Katarrh.
Die zahlreichsten Katarrhe entstehen dadurch, daß man vom Aufenthalte in der Kälte und im Freien, vielleicht gar schwitzend, schnell in einen ziemlich geheilten und warmen Raum kommt. Auch kalte Zugluft, der man einige Zeit ausgesetzt war, kann schnell einen Katarrh reifen. Gewöhnlich fühlt man fast sofort eine Verengung aus der Brust, im Halse, in der Nase. Es ist, als stecke einem ein kleiner Knödel im Halse. Uebersieht man diesen im Anfange des Katarrhs, so setzt er sich fest und breitet sich aus. Empfänglicher ist, wer zu warme Kleider trägt, wessen Körper und einzelne Organe in Folge dessen sehr verweichlicht sind. Gar nicht schwer wäre es (ich sage es kühn), von jedem Katarrh frei zu bleiben, wenn man seinen Körper nicht "barbarisch", sondern nur vernünftig abhärtete, wie dieses schon an so manchen Stellen betont wurde.
Wie muß man es anfangen, um verschont zu bleiben? Ein Beispiel soll uns darüber unterricbten Ich bin eine Stunde weit stets in ziemlich starkem Tempo gegangen. Es ist draußen "hübsch frisch", wie der Bauer die Hände reibend sagt; es hat gegen 12 Grad Kälte. Ich komme ohne Vermittlung in ein Zimmer von 14 Grad Wärme. Dieser plötzliche Temperaturwechsel von 26 Grad kann ja nicht ungerächt sich vollziehen, er muß Gefahr bringen. Am besten hätte ich gethan, ich wäre die letzten 5-20 Minuten obiger Stunde um ein Weniges langsamer gegangen und dann noch einige Minuten in dem kühlen Hausflur geblieben, stets in einiger Bewegung. So hatte die durch das rasche Gehen erhöhte Wärme etwas abnehmen und der Schweiß sich verlieren können. Der Wechsel der Lust wäre so vermittelt und, wenn ich auch im Innern des Zimmers noch einige Zeit aus- und abgegangen wäre, völlig gefahrlos gewesen.
Spürst du die Folgen deiner Unvorsichtigkeit, den kleinen Knödel im Halse, wohlan, gehe nochmals in's Freie und mache dir eine leichte Bewegung in der frischen Luft!
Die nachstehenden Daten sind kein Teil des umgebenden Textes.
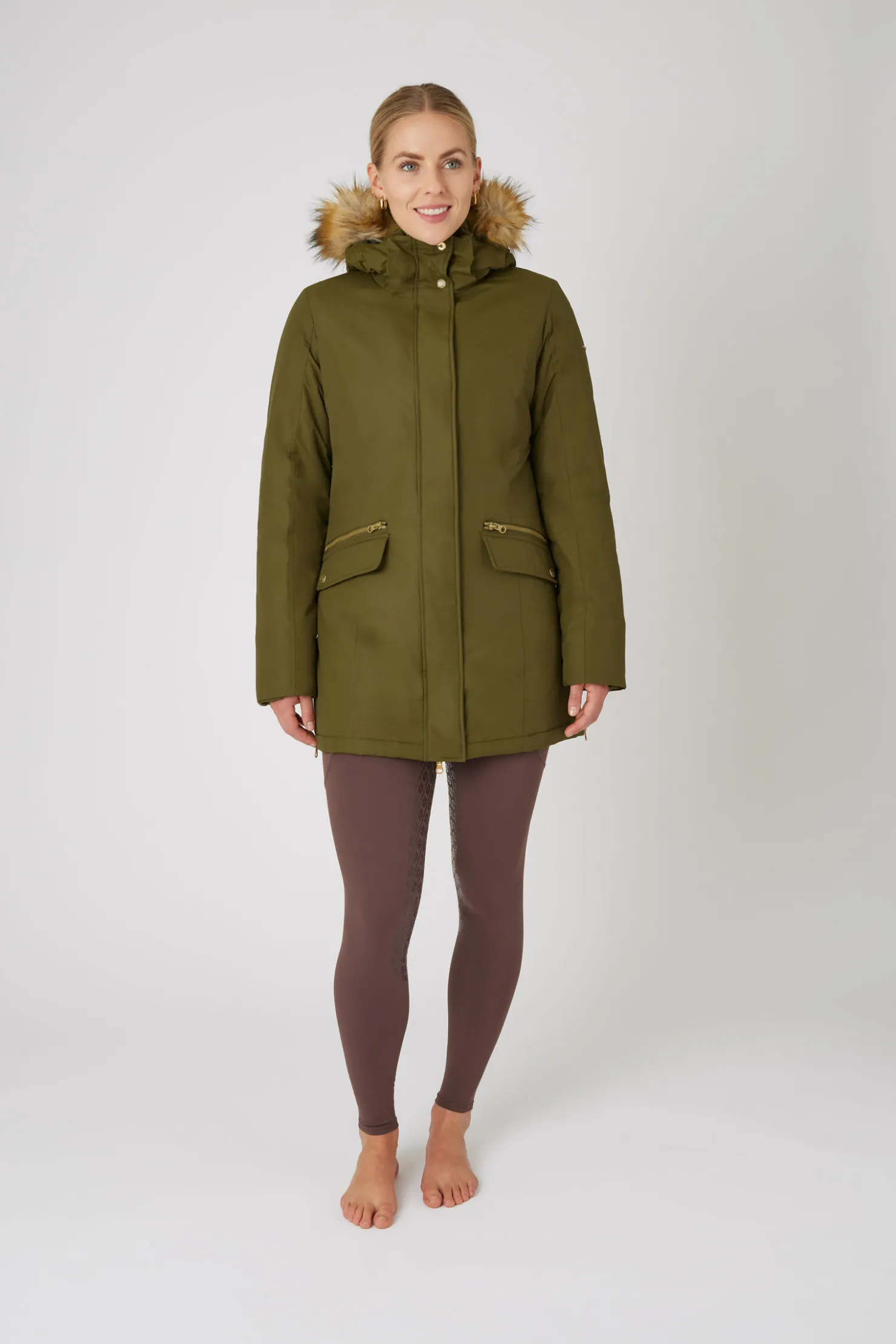 Denne jakken med sitt vannavvisende og vindtette stoff sikrer at du holder deg tørr og komfortabel. Den avtakbare hetten og pelsen gir allsidighet til hvordan du vil se ut, og gjør at du kan tilpasse stilen din. Sidesplitt med glidelås gir god bevegelsesfrihet når du er i salen. Med sitt funksjonelle design og konstruksjon i høy kvalitet er Horze Mikaela parkas det perfekte valget når du vil være stilig og samtidig beskyttet mot været.

Diese wird in einer halben Stunde alles Ueberflüssige im Halse auflösen und entfernen.
Die Heiserkeit ist nichts Anderes als die Ausdehnung des Katarrhs in den Sprechorganen. Das silberne Glöcklein gibt, wenn unterbunden, keinen Klang, die herrlichste Stimme bei durch Geschwulst belasteten Sprechorganen keinen Ton. Man hebe den Katarrh, und seine Gefährtin, die Heiserkeit, wird ihm ohne Säumen folgen!
Folgende Bemerkung noch dürfte Manchem einen Dienst erweisen. Es gibt Leute, die Anlage haben, viel zu hüsteln. Jede Kleinigkeit, z.B. ein Kitzel der frischen Luft, ruft dieses Bellen hervor; es thut nicht wohl und thut nicht weh. Solche Menschen husten Jahre lang ohne den geringsten Schmerz. Gewöhnlich ist ein derartiger Zustand von den Eltern geerbt und dann schwer zu entfernen. Er hat indessen gar keine Bedeutung, rühre nun das Hüsteln aus dem Halse, rühre es von tiefer gelegenen Organen her. Solche Leute mag das Sprichwort trösten: Wer lang hustet, lebt lang. Andere Erbtheile dagegen sind nicht so unschuldig, oft recht ernst und bedenklich und aller Beachtung werth. Dahin gehören z.B. die in irgend einer Familie oder Verwandtschaft herrschende Abzehrung, Schwindsucht u.s.w.
Da gilt der Grundsatz: Principiis obsta! Gleich den ersten Anfängen entschieden und wirksam entgegentreten mit aller Umsicht und Vorsicht! Sonst kostet es Opfer früher oder später, leider oft recht früh. Ein kleiner vernachlässigter Katarrh kann, wo es sich in einer Familie um Schwindsucht handelt, der Borkenkäfer werden, der die stärkste Tanne, den kräftigsten Körper ruinirt und stürzt, in's Grab bringt. Vorsicht also! Durch kluges Verfahren können selbst ererbte Leiden ohne weitere schwere Folgen recht in die Länge gezogen werden.